The sort of law enforcement search described in the paper would not be permitted by the FPF Best Practices. The search involves uploading genetic information discovered at crime scenes to an online database to identify an individual or an individual’s relatives. We require that companies only process genetic information uploaded with an individual’s permission; a crime scene upload necessarily occurs without the unknown subject’s permission. Further, leading companies require legal process before they will disclose genetic information to the government and have vigorously pushed back against law enforcement access to genetic data, many times declining to provide data in response to what they determined to be inappropriate requests. It is hard to imagine judges issuing warrants for the sort of general searches contemplated in the paper.

It’s worth noting that the public database at the center of the current discussion – GEDMatch – explicitly tells users that their genetic data will be shared with others without granular consent and subject to government access without a warrant. GEDMatch’s policies conflict with FPF’s Best Practices and are out of step with leading companies, which restrict this kind of access. GEDMatch’s practices are also different in another key way: the service permits users to upload digital genetic profiles. Prominent companies do not typically provide for such uploads, making crime scene genetic data less susceptible to matching without valid legal process.

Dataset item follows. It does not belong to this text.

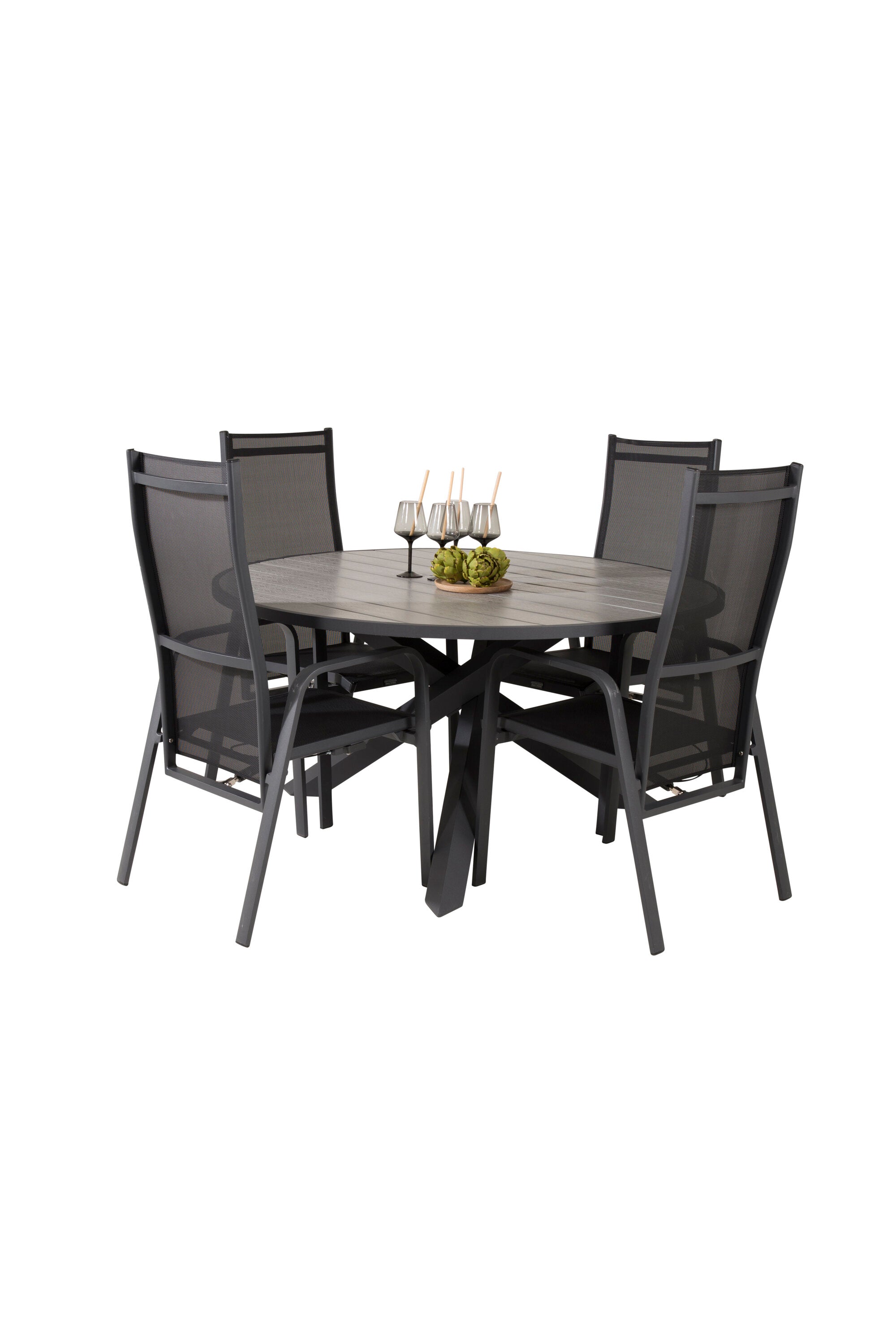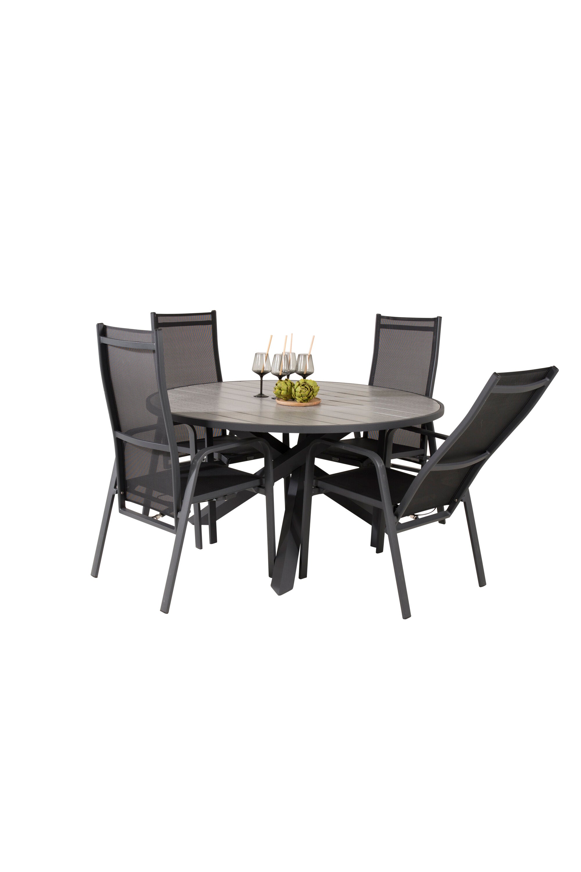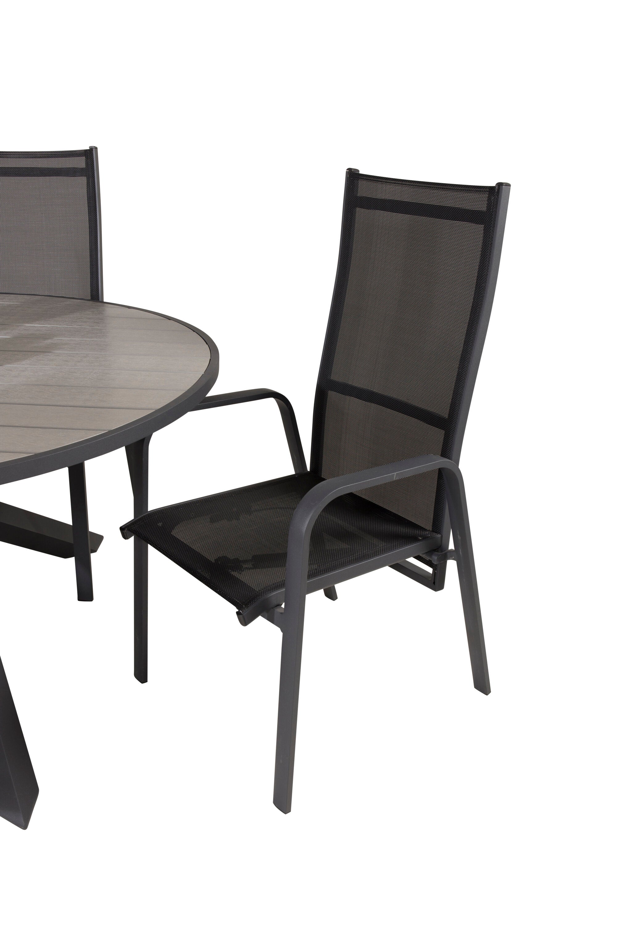Parma - Stůl ø 140 - Black Alu / Grey Aintwood - Copacabana Recliner Chair - Black/Black 4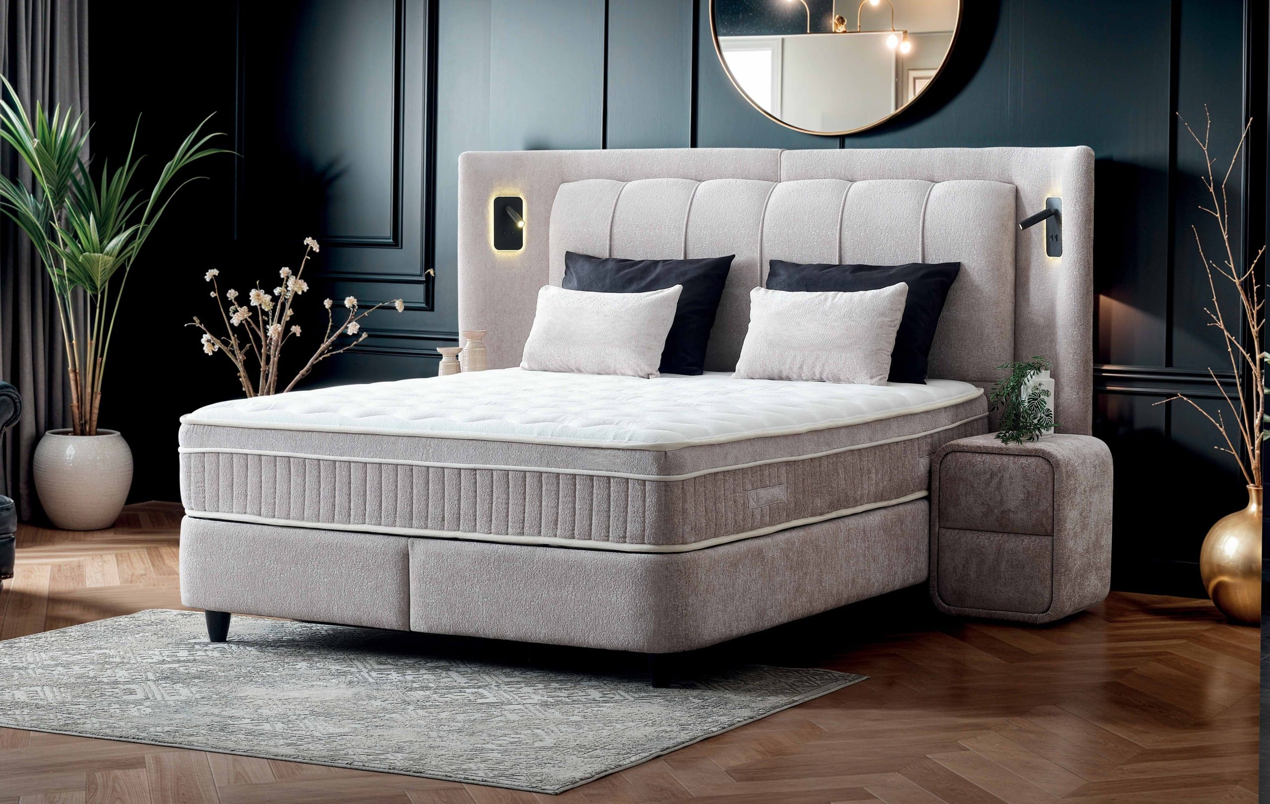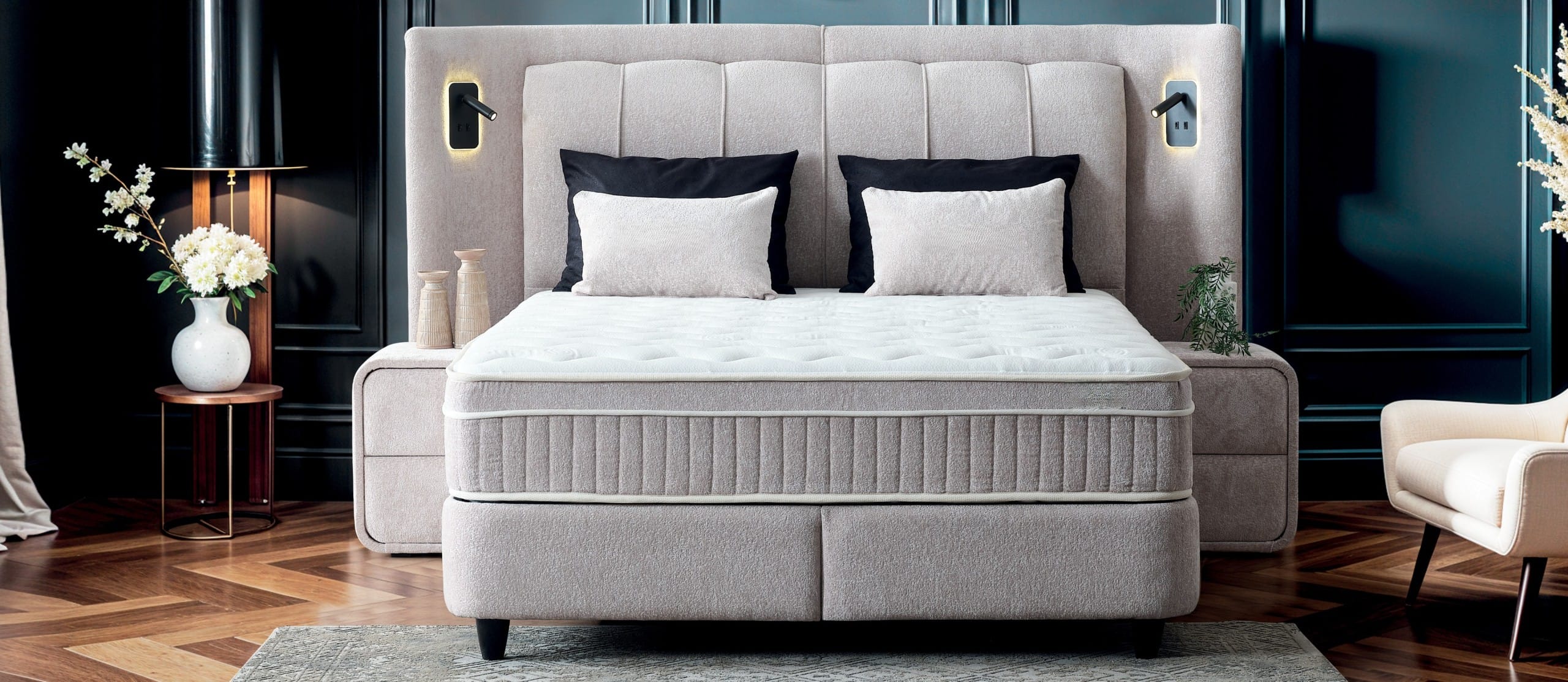 TablieDesign modern, capitonaj vertical elegant. Iluminare LED ambientală integrată + lămpi de citit încorporate. Prize și porturi integrate pentru confort maxim.

There are clear benefits of using genetic data to help consumers better understand their health and ancestry. Genetic data, properly obtained and analyzed, can also help law enforcement solve crimes and improve public safety. However, unfettered law enforcement access to genetic information on commercial services would present substantial privacy risks. FPF’s Best Practices articulate a framework that can prevent many of these risks while preserving the public safety value of limited, narrow genetic searches predicated on probable cause and conducted pursuant to appropriate process. As we move forward, it is worth considering additional measures, including restrictions on government activities, technical safeguards, or other steps, that could bolster trust and safety.